It finally came to the point where I am really considering going out of the closet.
It's a mixture of fear and relief once I "take the plunge." But damn, I don't think I have the balls for it.
The dilemma here is this: I want to get married (and I don't care if it's all about how society's just pressuring me to marry...) to a GIRL. No harm in that. I'm a boy, pretty ok looking. Relatively ok body. I'm basically ok. I can get a girl if I want to. I just never did. Too scared perhaps? That when I do find that someone, she'll see me for who I am - GAY.
GAY. I'm still not used to that word.
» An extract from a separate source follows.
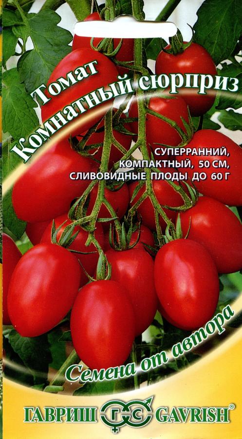Op zoek naar zaden van dit ras in de schappen van zaadwinkels, zie je zakken met de naam "Room surprise" van "Gavrish", maar op de foto zijn mooie kleine tomaten ovaal, pruimvormig en wordt het gewicht aangegeven tot 60 g.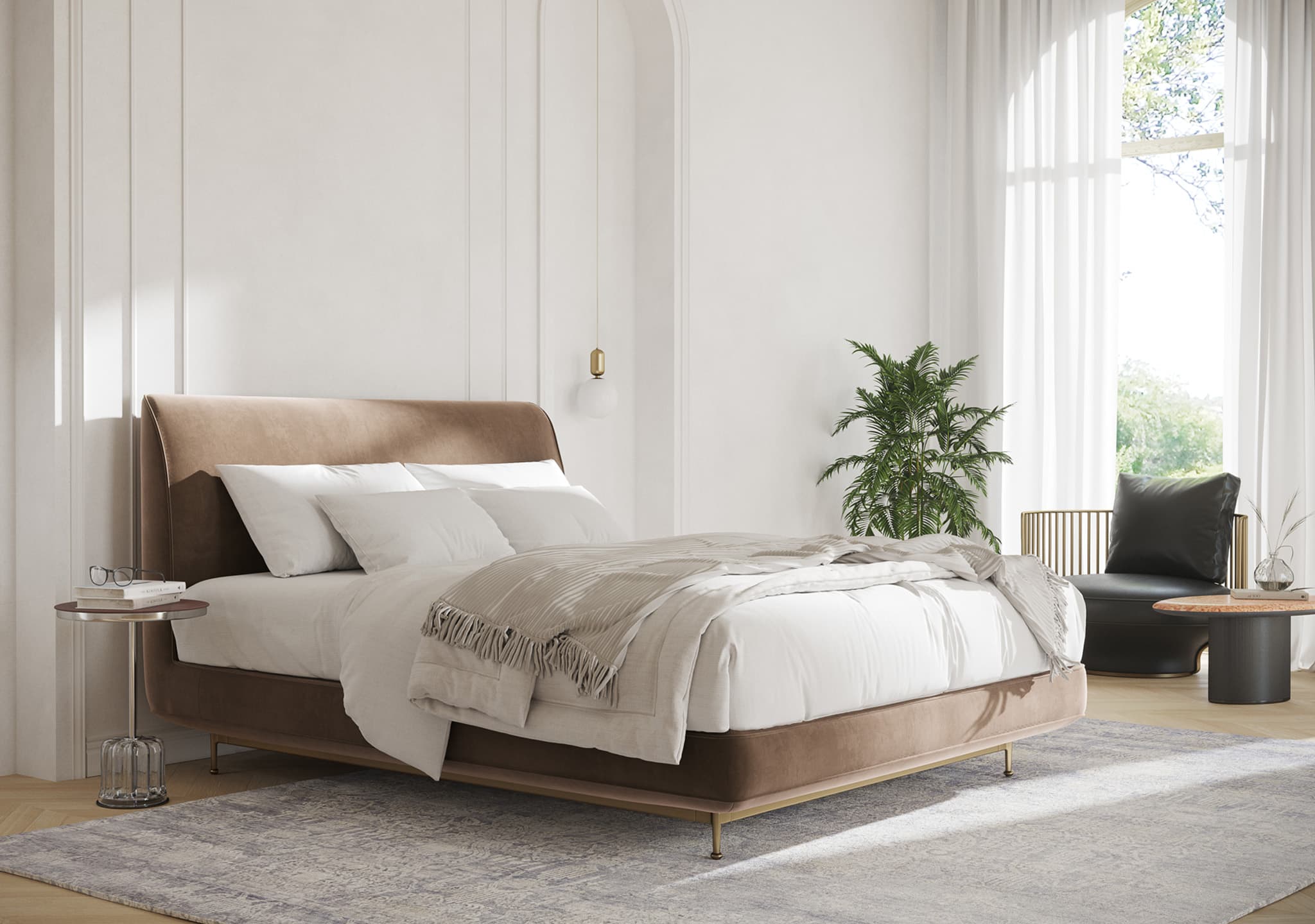 Appearing as a serene and plush oasis and seemingly afloat on a light, painted metal structure, the Andes bed is the embodiment of comfort and elegance. The double piping – an element inspired by Josef Hoffmann‘s Haus Koller chair – runs along the perimeter defining the piece’s organic form in a testament to handcrafted precision. The headboard and bed base cover is sewn from a single piece – a masterful manifestation of art that underpins the impression that everything is cast from one dye. A tribute to an ultimate night’s rest.

I don't want to be called one. But I am.
It started way back when I was young. I already knew.
I remember, singing to songs by the Spice Girls, or dancing to Madonna... Being teased... So often for being too soft, too girlie. It annoyed the hell out of me. I don't want to be gay. I want to make my momma PROUD. So somewhere along the way, I matured man enough. But not enough for people to stop doubting my sexuality. I like the way I am, the way I act... It's not gay enough, but it gives reason for doubt. It's like I can lure men, at the same time give them a bit of distance...
Getting married. It's so, fairy-tale like. White everywhere. Flowers galore. (I'm not into those things for your information.) But I do want one family: 5 children, hopefully 1 of them is straight to carry on my name. And a wife. A lovely wife: pretty, normal, everything I can ask for. And then somewhere on the sides, a man. Who'd pretend to be my best friend.
So tell me this: Given the fact that I want to get married... How else can I come out? My throats itching to say the words: I'm Bi (I prefer Bi over Gay, ANYTIME) - to my mom, my brother, and my best friends... But come wedding day... They'd be staring at me, and pitying the girl I'd marry. How much love can I give? They might ask. How much?
Why am I even considering? It's simple, really. I've got a clique where every single person is a single straight man.
1. I never had a girlfriend
2. I don't talk about how I masturbate, and the women I masturbate about
3. I don't have a girl I like
4. I "don't do porn" (just to avoid saying I check out a gay website regularly... HAHA)
So they eventually pressured me into coming out. Circling me and telling me - COME OUT. I KNOW YOU HAVE SOMETHING TO SAY. JUST SAY IT NOW. WE'RE SENIORS, IT DOESN'T MATTER TO US, WE'LL STILL LOVE YOU AS A FRIEND.
BUT.
It's no easy task.
I JUST CAN'T YELL IT OUT.
Call me a coward.
Just call me that.
But if you can prove that YOU can get married without this burden on your back. Then MAYBE, I can reconsider my stand.
I don't feel gay about being gay. A cure? or an answer? What do I really need?